‘We get the weird things that happen,’ says environmental management director about new department – Grand Forks Herald
GRAND FORKS – Lisa Botnen, the director of the city’s new environmental management department, says she looks forward to doing even more with the city’s environmental programs as she builds the new department.
In a nutshell, she said, the environmental management department aims to ensure environmental compliance and serves as a resource during emergency responses for hazardous material spills and clean up.
“It’s been said in the past, it’s like the rest of public works,” she said. “If you don’t know we’re there, it’s a good thing because everything’s going the way it’s supposed to.”

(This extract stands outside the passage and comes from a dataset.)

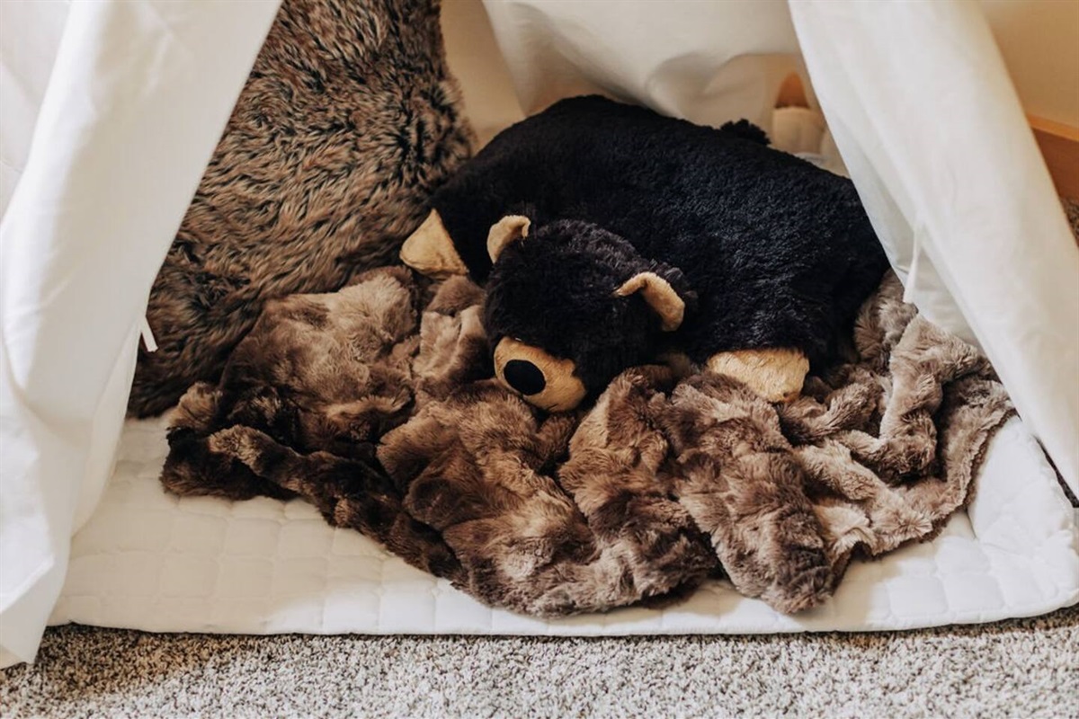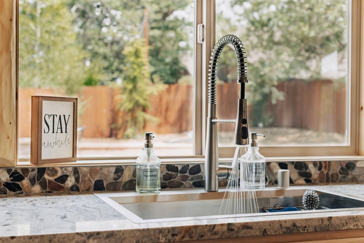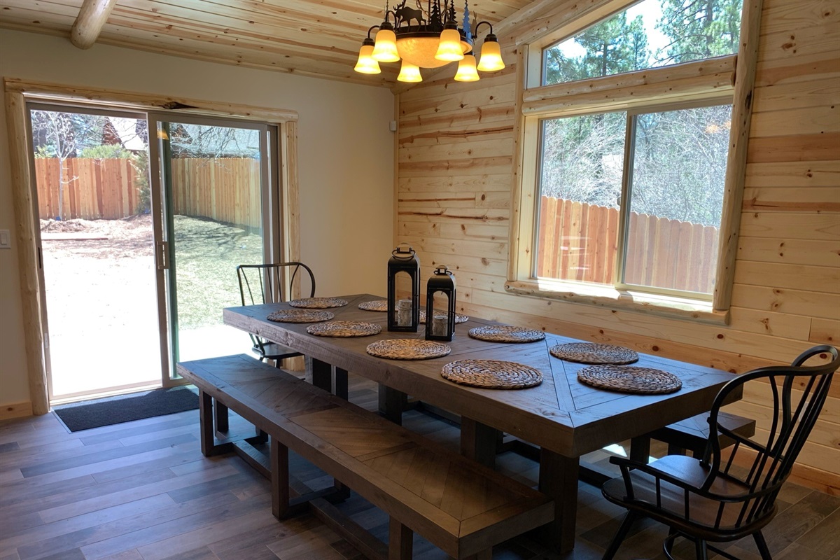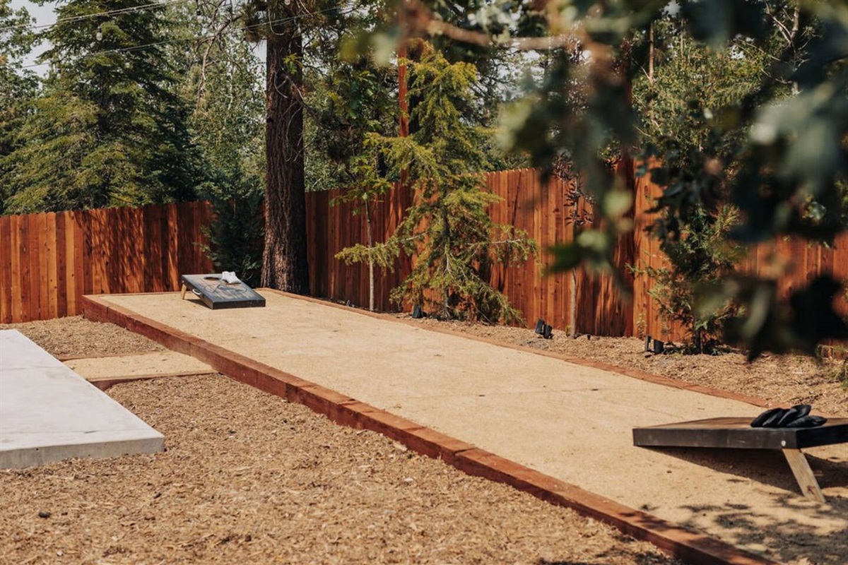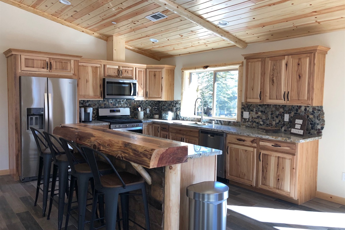 The Cozy Cub Getaway is a newly constructed cabin with brand new everything! It has new furniture, stainless steal appliances, bedding, kitchen supplies, etc. The great room has a large sectional that has a queen size pull out sofa bed. There is a gas burning fireplace, a 60 inch smart tv, and a large wifi blue tooth speaker that can be used to listen to your favorite playlist. You can stream any of your favorite services on the tv or access Direct TV, complete with the NFL Sunday ticket for football lovers. Sit around the large dining table for family meals or to play a game. The cabin comes with a variety of board games and card games. The beautiful kitchen comes equipped with a refrigerator with filtered water, dishwasher, microwave, Keurig coffee maker, toaster, blender, and crockpot. It provides serving for twelve and professional grade Viking pots and pans for all the chefs that visit our home. The master bedroom offers a king size bed, 40 inch smart tv, walk in closet, connecting bathroom, and slider that accesses the backyard. One of the guest rooms has a queen size bed and the other guest room has a full bunkbed with a twin on top and a twin trundle underneath. Both of these bedrooms also have 40 inch smart tv's. The great room and all the bedrooms have ceiling fans. Both bathrooms have a tub/shower combo and come supplied with shampoo, conditioner, body wash, plenty of towels, and there is a blowdryer in each. In the hallway, there is a full washer and dryer that can be used throughout your stay. Our recently completed backyard has an outdoor picnic style dining table, hot tub that seats seven, gas BBQ, large fire pit, and a gaming court to play corn hole and bocce ball (both of which are provided).
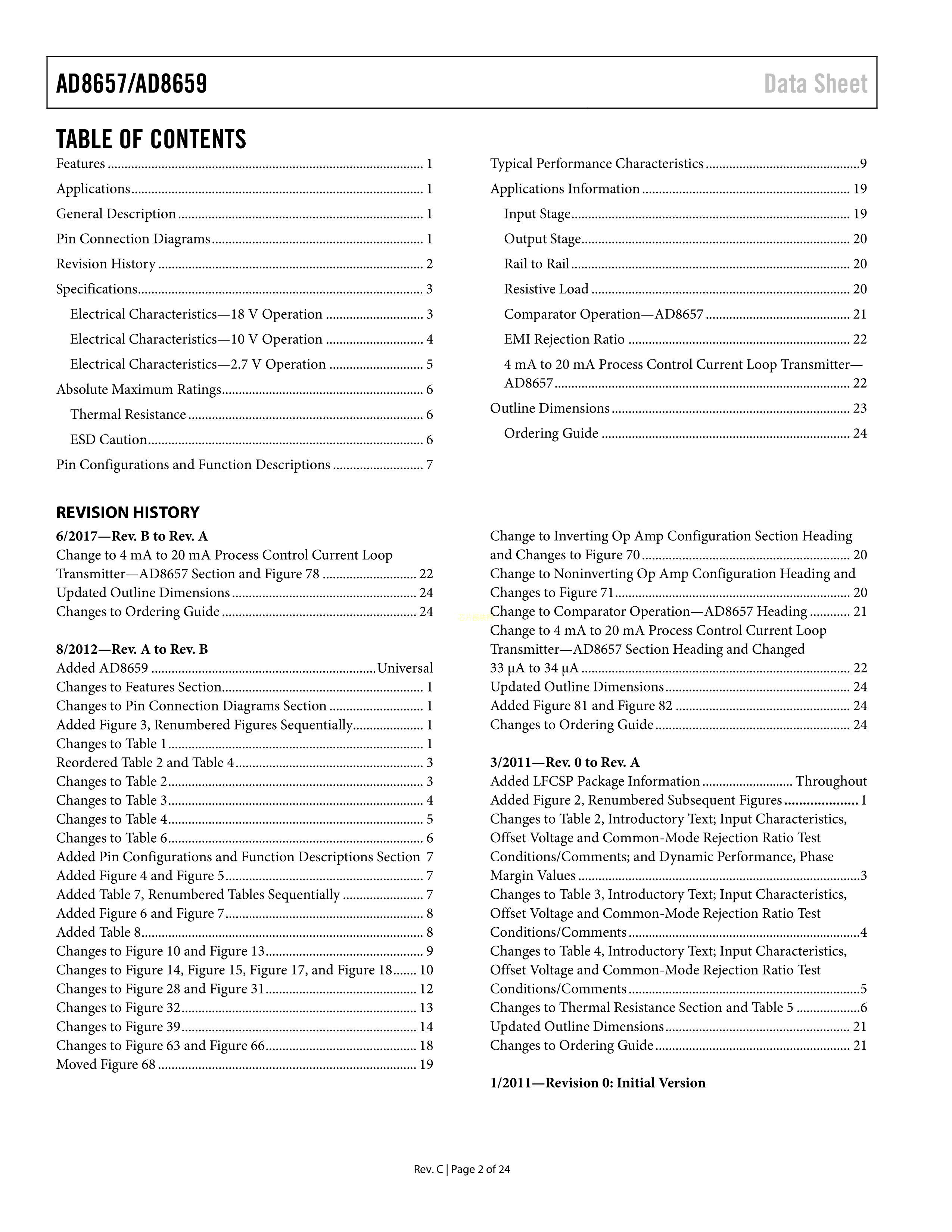 AD8657ARMZ-R7数据手册MSOP-8封装ADI(亚德诺)-LINEARPDF规格书,中英文

Botnen will step into her new position in July. The department,
while new, is more like a restructuring of many environmental permitting
and monitoring programs the city already does. The department combines environmental permitting, laboratory testing and mosquito control programs under one umbrella.
Before becoming the environmental management director, Botnen served as assistant water works director overseeing many environmental compliance programs as part of the water department. She’s worked for the city for around a decade and prior to that was at UND’s Energy and Environmental Research Center working on industrial waste management.
“When I was hired to be the environmental manager, I was not a young employee. I had other experiences and other background to bring to the table,” Botnen said. “I started helping with sanitation, and then I had some experience in hazardous materials so I started working more with the fire and police department on clean up.”
Botnen and her team deal with a whole variety of environmental issues that occur in Grand Forks.
“We get the weird things that happen,” Botnen said. “I had been here six months and there was a mercury spill outside a home a kid playing in it, and I got real familiar, real quick with public health and the fire department.”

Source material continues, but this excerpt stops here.